Wood was cut too much in Washington, however, so where he could he used straw-bale or, better, cob. Most of his buildings had cob on the outer walls, an excellent insulation. It was just water, sand, clay and straw, an age-old recipe, but his had more straw and sometimes no sand. For strength, you needed fibre. It was creamy then, so inviting, and as it dried he could sculpt it and free-form it any way he chose. He carved dragons, flowers and, round the doorway of one yoga-yurt, giant female genitalia. Mixing up cob was pretty physical too, in big troughs into which he and his friends would jump naked to stomp the stuff around. He met his second wife Bonnie that way. Cob was also what caked him from day to day, matting his hair, sticking to his clothes. But Earth wasn’t dirty. Rolling in it and rolling on it were just fine.

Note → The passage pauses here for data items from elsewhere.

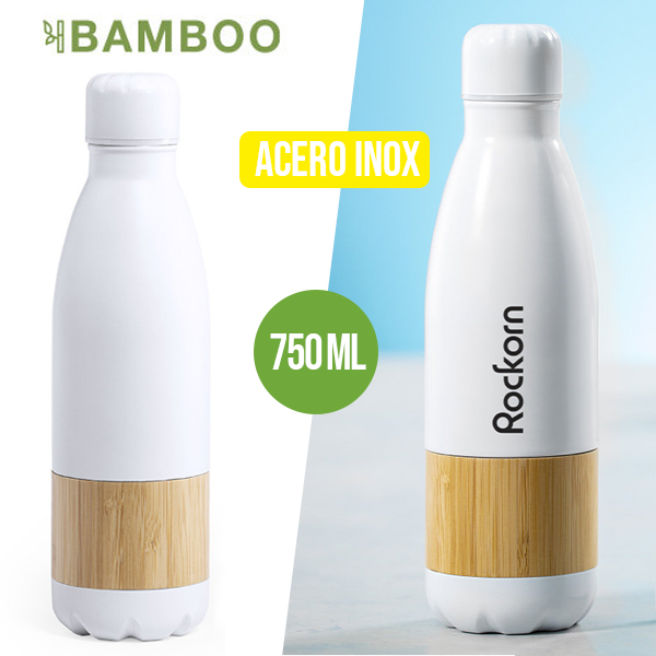 Bidón de línea nature y 750ml de capacidad. Cuerpo de acero inox en acabado mate de color blanco, con franja central en bambú. Tapón de seguridad de rosca a juego y presentado en atractiva caja de diseño eco. 750 ml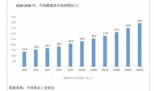 作为花椒油的细分品类,藤椒油产品口味普适性更强,“清、香、鲜、麻”的特性更具味觉记忆,因此近年来藤椒油及相关应用快速渗透,细分市场规模快速成长。根据中国食品工业协会的调研统计,2024年中国藤椒油市场的出厂口径销售规模约为20.9亿元,中国藤椒油市场规模的整体增速相较花椒油更高,预计藤椒油市场规模将在2027年成长至27.8亿元,并将在2030年达到39.1亿元。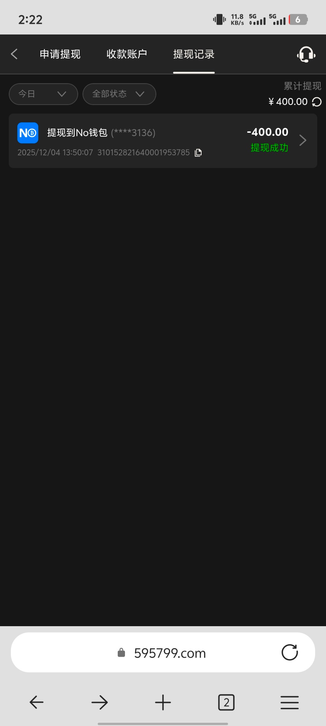 我也是400,不过提现等了好久,一直出款中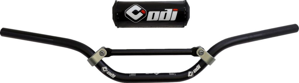 PeeWee HandlebarBuilt for PeeWee 50 models with 3/4” diameter handlebars Specifically designed for riders looking for a taller bar more aggressive bar with less sweep for racing Constructed of durable 7075 heat treated alloy Solid ODI Crossbar for improved strength Knurled left slide improves grip-to-bar adhesion Laser Etched ODI graphics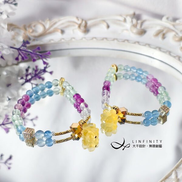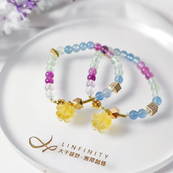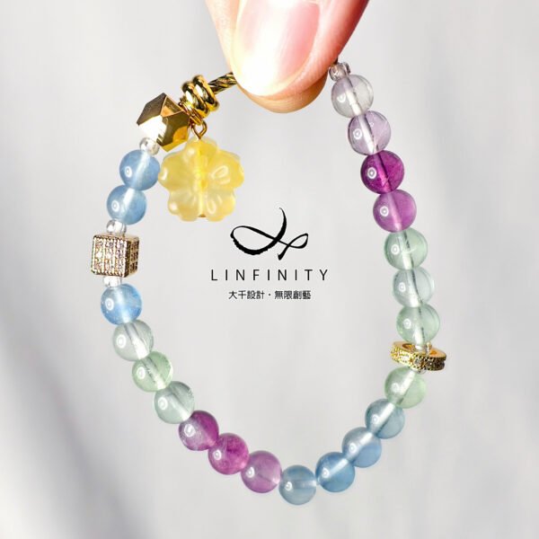 頂級彩虹螢石 花 七脈輪 天圓地方 智慧 招財 手鍊 限量客製 禮物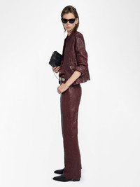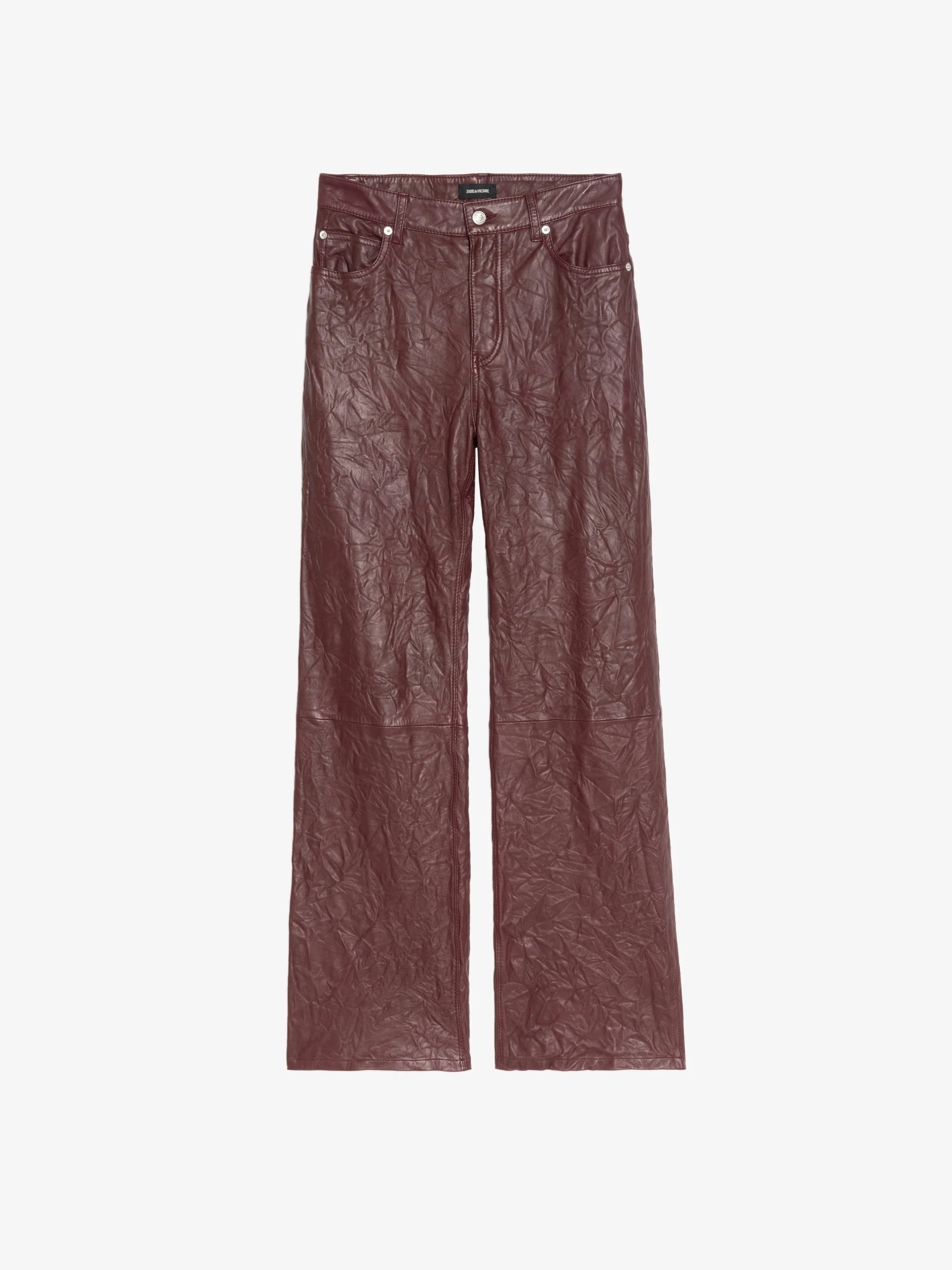Wide-leg pants in crinkled leather with multiple pockets. Description & details - Wide-leg pants in crinkled leather - Patch pockets, jean pockets - Zip closure, press stud and belt loop - High waist - Regular fit - Iconic material of Zadig&Voltaire, the crinkled leather is obtained through a multi-step process imagined by the house and guaranteeing a unique product with exceptional craftsmanship. Model is 180 cm / 5' 10" and is wearing a size S This item is true to size. We recommend buying your usual size. Composition 100% Lambskin Care Do not expose your item to a source of heat or to sunlight for a prolonged period. In the event of accidental exposure to water, leave your item to dry at room temperature, away from direct light. To maintain the shine of your smooth or crumpled leather item, use a leather cream or polish. If your item needs cleaning, we recommend contacting a leather specialist. Product code: RWPA00069_BURGUNDY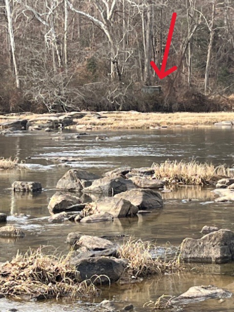 The site of Scott’s Mill as seen in January 2026. The stone foundation is all that remains of the wartime structure. The Rappahannock Navigation Canal is slightly upstream (to the right) and the ferry landing is just downstream (to the left). This photo was taken from the road that led to and from the ferry.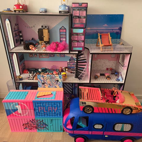 L.O.L. Surprise legetøjssæt bestående af en legetøjsbil med plads til to sæder, en containerformet legehusstruktur med flere rum. Huset kan slås ud og pakkes sammen, der er masser af tilbehør samt en samling af små dukker med tøj og diverse dimser.. derudover også nogle større LOL-dukker med serveres tøj. Der er mere tilbehør end på billederne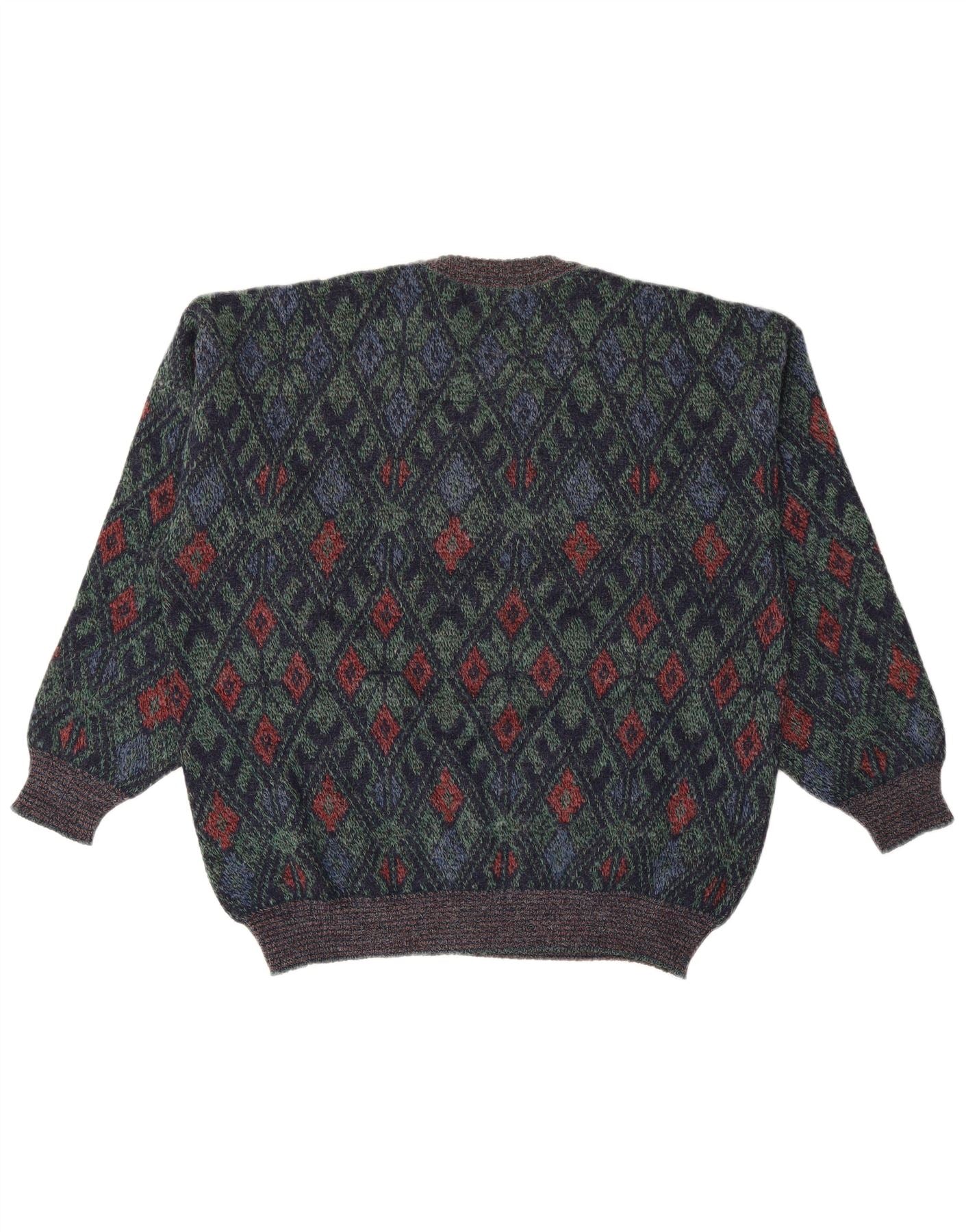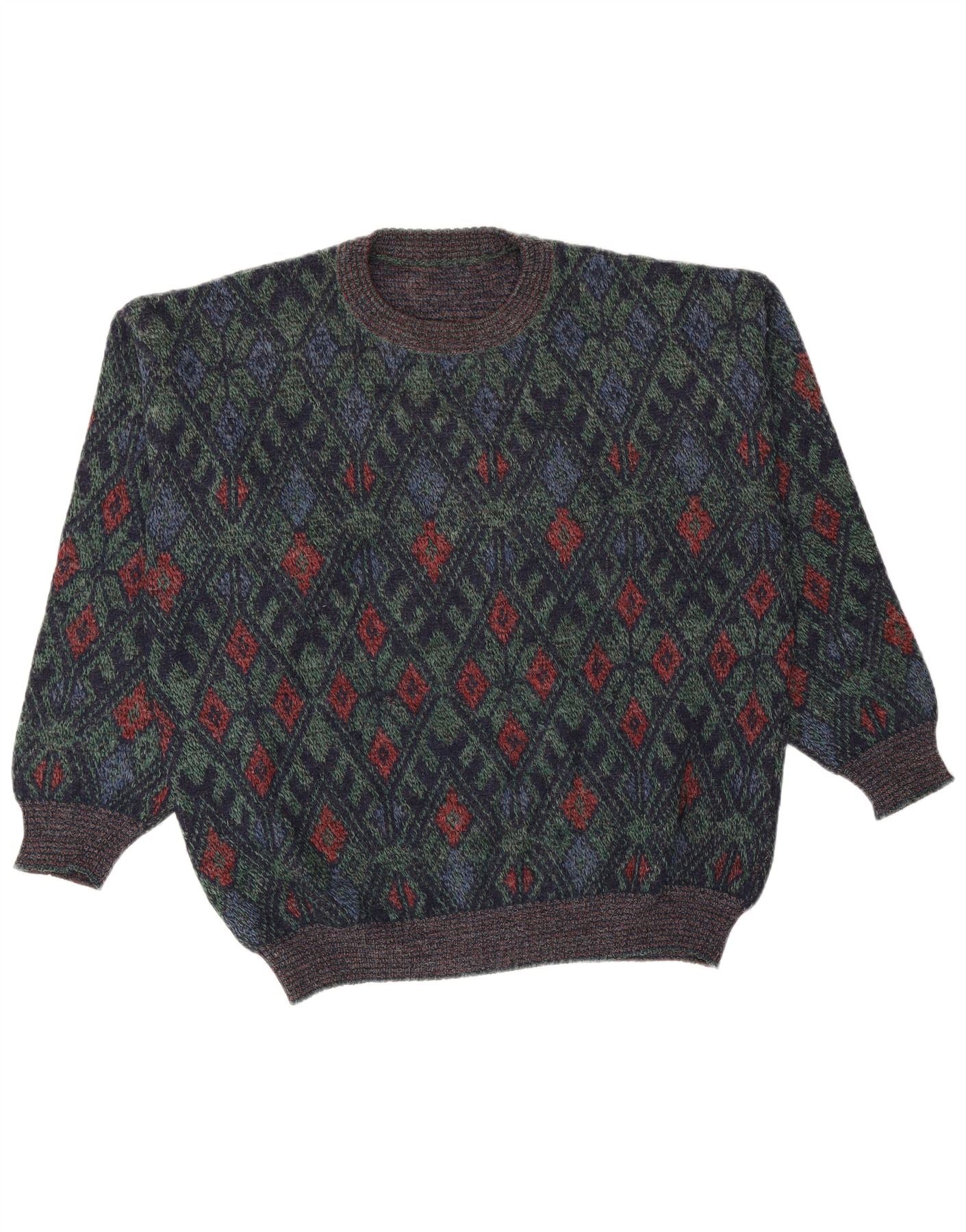 VINTAGE Mens Crew Neck Jumper Sweater Large Navy Blue Argyle/Diamond

His parents had raised cattle and kept pigs and chickens, but he never wanted to build fences or chase cows. Or, for that matter, eat three meals a day of meat cooked in bacon grease, like his father. He was vegetarian early and, though he might have made a good linebacker, inclined more to art and drafting. He began to study building as a third-grader, watching a new gym go up at his school. His college building designs were so wild, though, that he was recommended to get a hammer and construct them himself. So in 1976, with the help of his younger brother Tim, he did. He called his first attempt the Earth House; his solar-power ideas were primitive, but it was good to live in, and had bronze hands holding up the roof-beams. His next big idea was the Sky House with its peaked, flyaway roofs, a building that felt to him as if it could pick him up and scatter him to the wind.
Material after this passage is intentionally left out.